After having visited stats stack exchange countless times, I'm finally asking a question!

For my research, I am try to run a model of the form: $$ Y = f(X,B)+ g(X) + \epsilon$$

Where $f(X,B)$ is a zero-inflated poisson/negative binomial density, $g(X)$ is a Gaussian process representing spatial correlation, and $epsilon$ is your usual error. Sorry if my notation is a little loose. Additionally, I want my zero-inflated portion to be able to have random effects. In summary, I need a program/package that can run:

  1. Zero-inflated GLMs
  2. Covariance structure (gaussian process)
  3. Random Effects

However, I can only find programs that are capable of two out of these three items. R is highly preferred, but I am also open to SAS as a last resort. I already looked at looked at PROC GLMMIX in SAS, but that does not have all three of these items. I'm already using packages like pscl (which does not have all three items in the list above). Stan is too slow to handle the size of the dataset. I have around 100,000 observations, and it would appear that the processing time is on the order of days or even weeks (100 observations took 18 minutes, and this was with assigning each of the two chains I was running to its own core (i5). And this was before even using an random or spatial effects in the ZIP model! In my literature review, it would appear that R-INLA could potentially solve this issue if I stick with bayesian, but it would appear people still need computing clusters to make this work.
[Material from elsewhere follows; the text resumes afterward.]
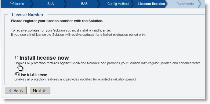 Seleccione use trial license si no tiene número de licencia.

Can anyone suggest ways to resolve this ?

Background: I am modeling the abundance of a species of bird in Wisconsin. As you can imagine, most observations even for commons species have "zero" as the count. Hence the need for zero inflation. There is also observer data with repeated measures, hence the mixed model. And there is spatial correlation to deal with, hence the Gaussian process.


1 Answer 1


If you adopt a Bayesian approach then you should be able to fit such a model. This can be estimated using Markov Chain Monte Carlo for example with JAGS (Just Another Gibbs Sampler) or Hamilton Monte Carlo with Stan. Both can be set up and run from within R. I appreciate that you say it may take a long time to run, but there are ways to speed things up such as running multiple chains on multiple compute nodes.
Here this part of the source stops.